To determine how long it will take the students at Vienna Elementary to earn more than $1,000 total, we first need to calculate the total amount earned in the first 6 weeks and then find the pattern of their earnings.
From the data provided:
- Week 1: $110
- Week 2: $100
- Week 3: $90
- Week 4: $110
- Week 5: $100
- Week 6: $90
Now let's calculate the total earnings for the first 6 weeks:
\[ \text{Total for 6 weeks} = 110 + 100 + 90 + 110 + 100 + 90 = 600 \]
Next, we observe the pattern of earnings over 6 weeks:
- The pattern is: $110, $100, $90$
- This pattern repeats every 3 weeks.
Total earnings for one complete pattern (3 weeks):
\[ \text{Total for 3 weeks} = 110 + 100 + 90 = 300 \]
Now we will find out how many complete 3-week cycles (groups of 3 weeks) are needed to exceed $1,000.
Starting with the total earnings after 6 weeks:
\[ \text{Earnings after 6 weeks} = 600 \]
And we need to know how many additional cycles of 300 it takes to exceed $1,000.
\[ 1000 - 600 = 400 \]
Now, divide the remaining amount by the total of one cycle (300):
\[ \frac{400}{300} \approx 1.33 \]
This means they need more than 1 complete cycle. Since they can't do a fraction of a cycle, they will need 2 more cycles (3 weeks each), adding a total of 6 additional weeks.
This gives us:
\[ 6 \text{ weeks} + 6 \text{ weeks} = 12 \text{ weeks} \]

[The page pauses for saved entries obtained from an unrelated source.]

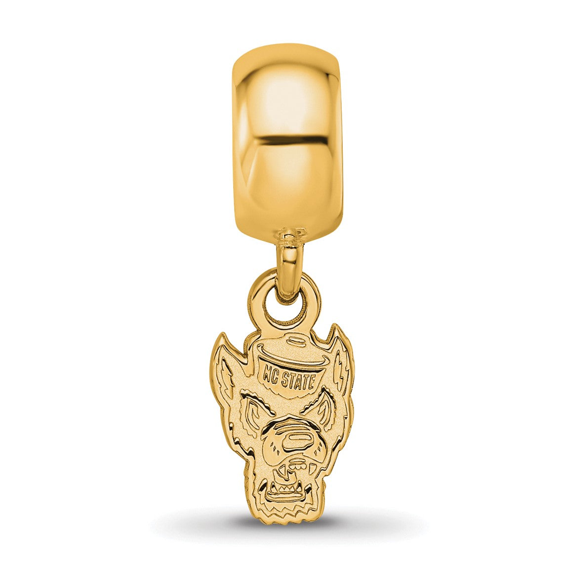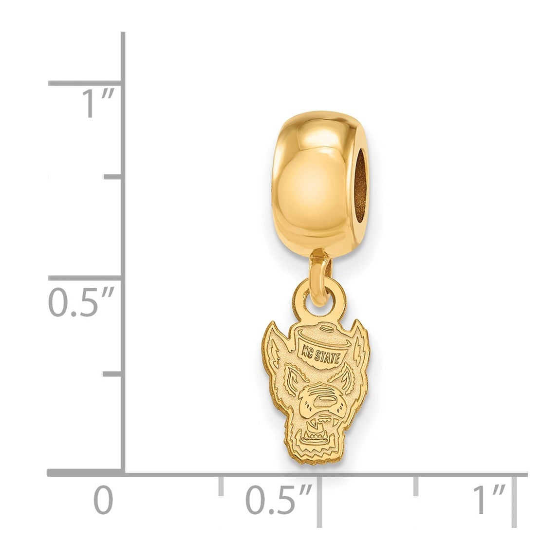 Sterling Silver Gold-plated LogoArt North Carolina State University Wolf Extra Small Dangle Bead Charm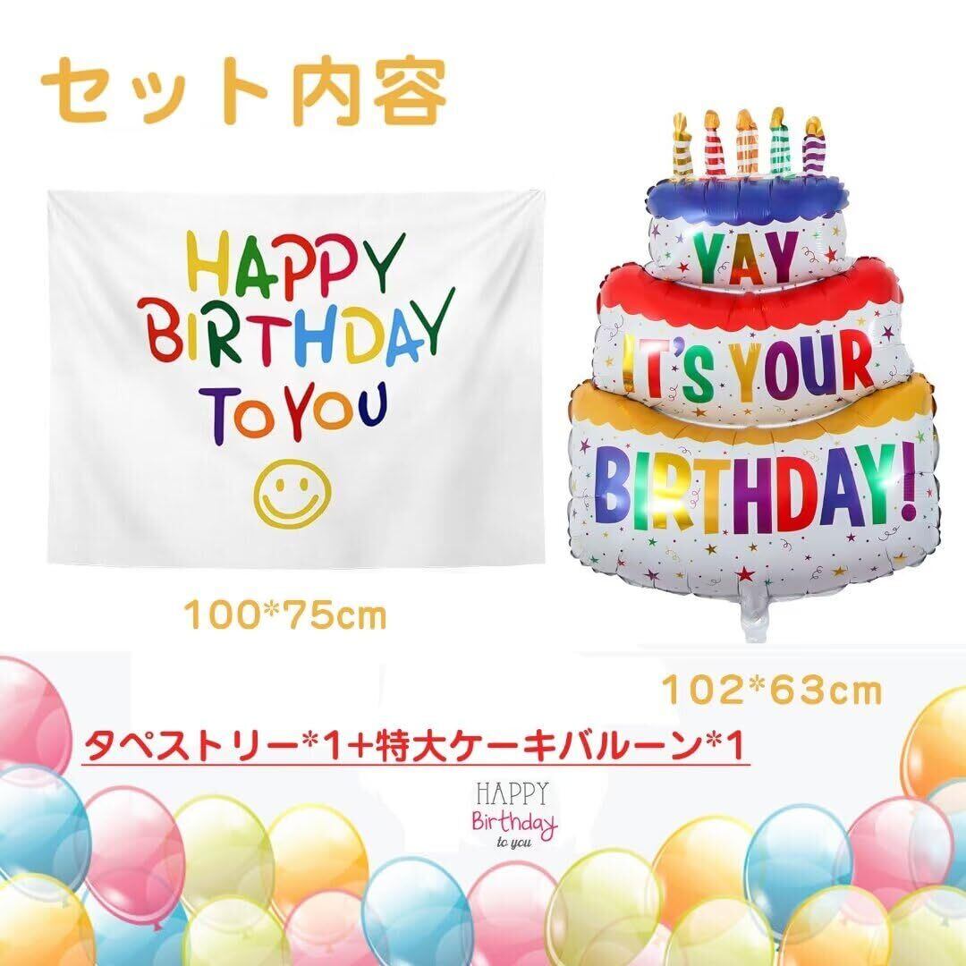 タペストリー 特大ケーキバルーン HAPPY BIRTHDAY 飾り付け 男の子 女の子 おしゃれ カラフル 可愛い プレゼント 飾り付け パーティー 写真背景 インストールツール付き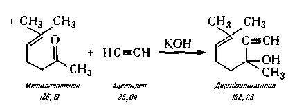 Дегидролиналоол (3,7-диметилоктаен-6-ин-1-ол-3). Дегидролиналоол синтезируют по следующей химической реакции: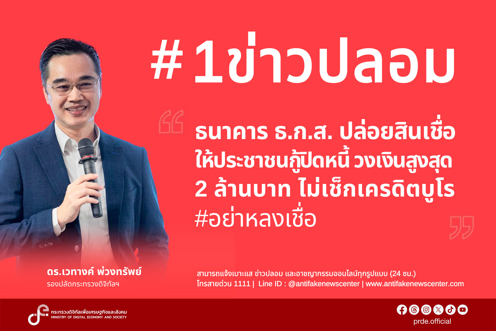กรุงเทพฯ-ดีอี เตือน “มิจฉาชีพ” โพสต์ข่าวปลอม “ธนาคาร ธ.ก.ส. ปล่อยสินเชื่อให้ประชาชนกู้ปิดหนี้ วงเงินสู...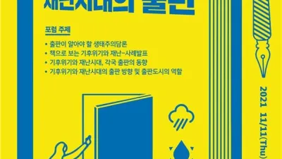 파주 출판도시에서 개최하는 2021 파주출판도시 국제출판교류 포럼 기후위기와 재난시대의 출판’ 개최, 11월 11일(목) ~ 11월 12일(금) 대규모 전염병, 지구 기온 상승 등 생태와 기후위기가 국내외적으로 급박한 쟁점으로 대두되는...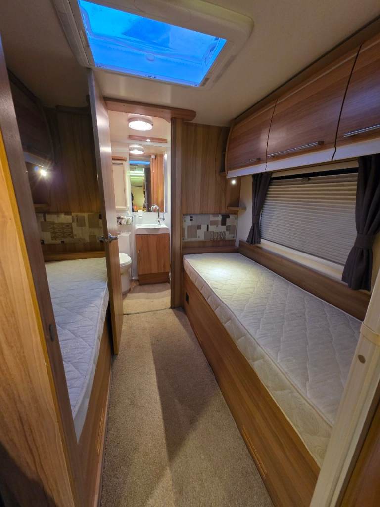 Bailey Unicorn Cadiz II four-berth caravan known for its fixed single beds and end washroom.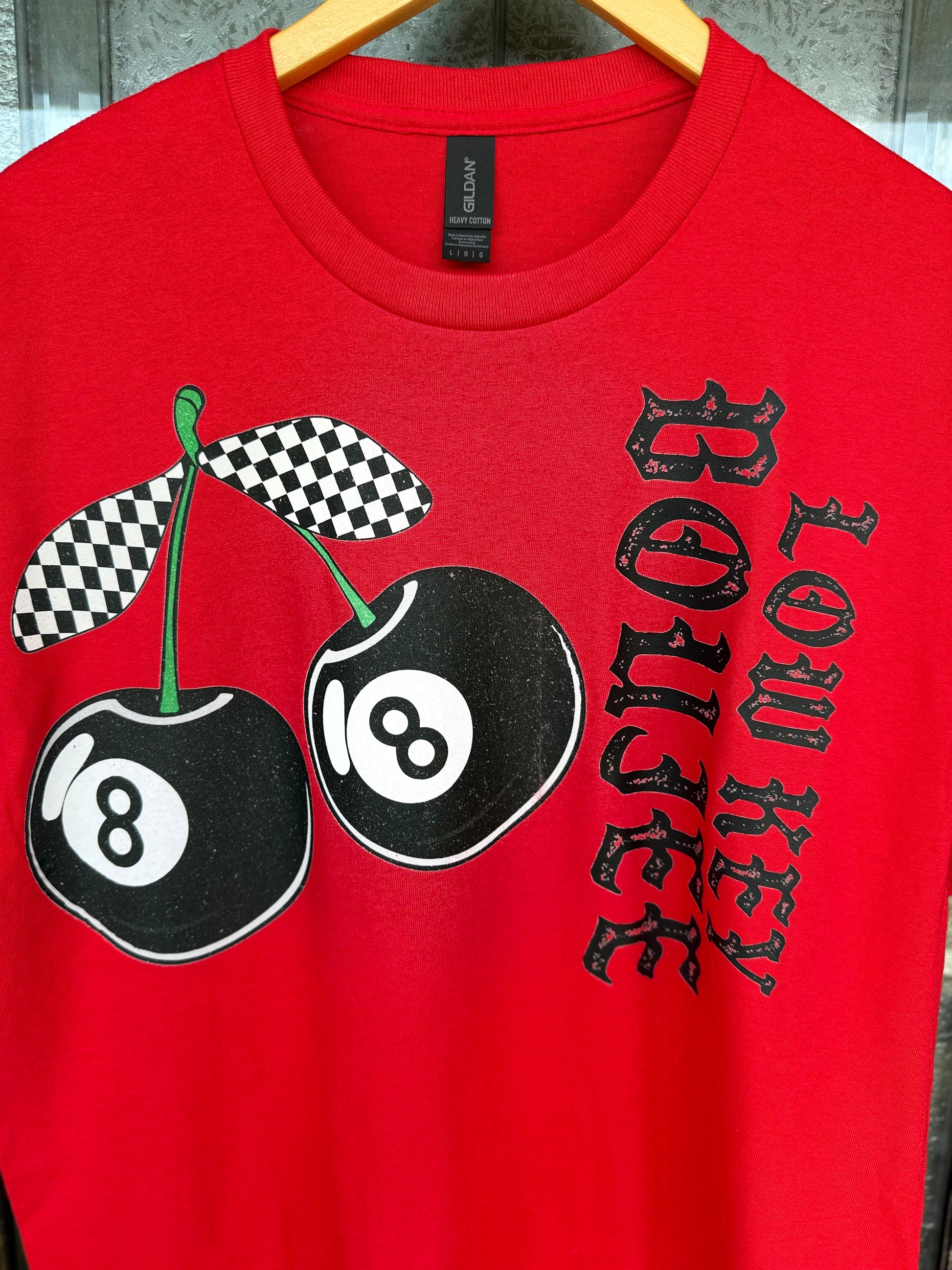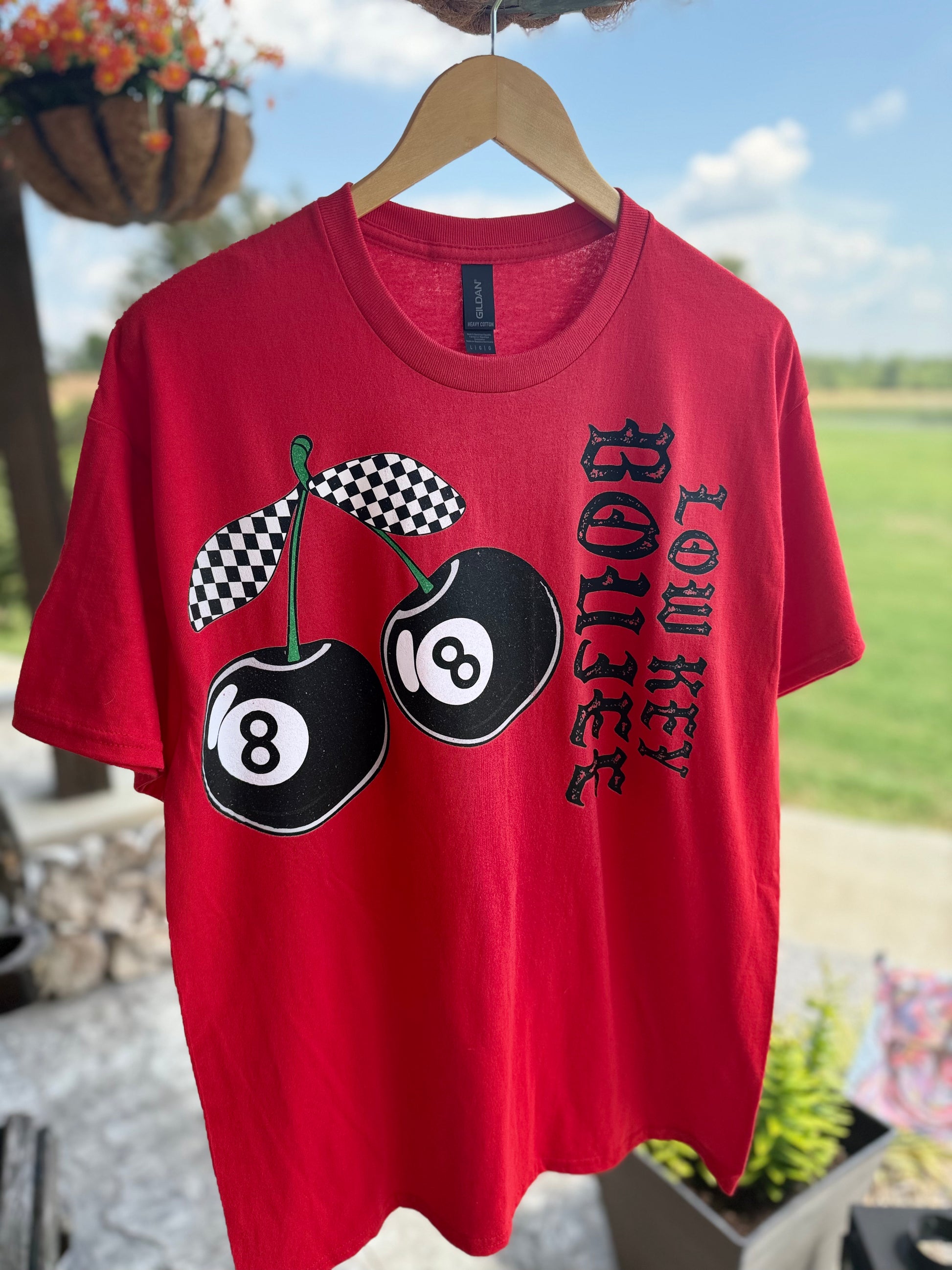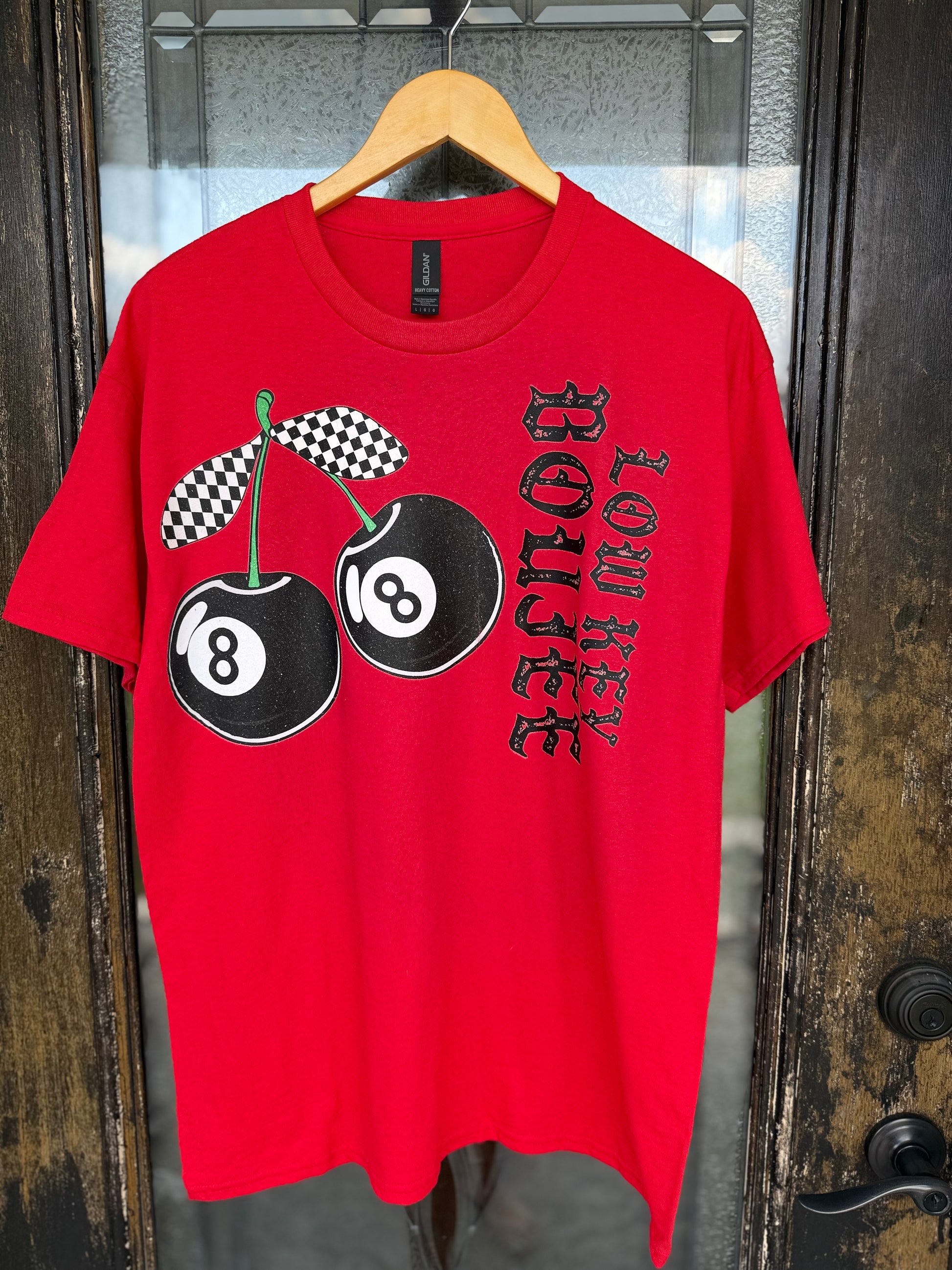 This Low Key Boujee T-shirt features a fun 8-ball cherries design that adds a unique twist to your casual look. Made from 100% cotton by Gildan, it offers comfort and durability. Available in size large, this versatile tee easily pairs with your favorite jeans or shorts for effortless style with a playful edge.

After those 12 weeks, the students will have earned over $1,000.
Therefore, the answer would be: 12 weeks.
However, since the provided options are not beyond 10 weeks, it could be misinterpreted. As such, based on the provided options, the best one reachable with a bit further context is 10 weeks (which would be the total of 8 or some approximation), but not on its perfect return as we calculated above - please check on the options about any possible missing weekly cyclic aspects or approximations to $1,000.
Since the answer to the question of your options must be reconsidered if based on limits of 11 reported weeks, the best might be confusing but computed beyond would rule up at least to 10 at that limit if cycles are structured only in a special way on counts of 2.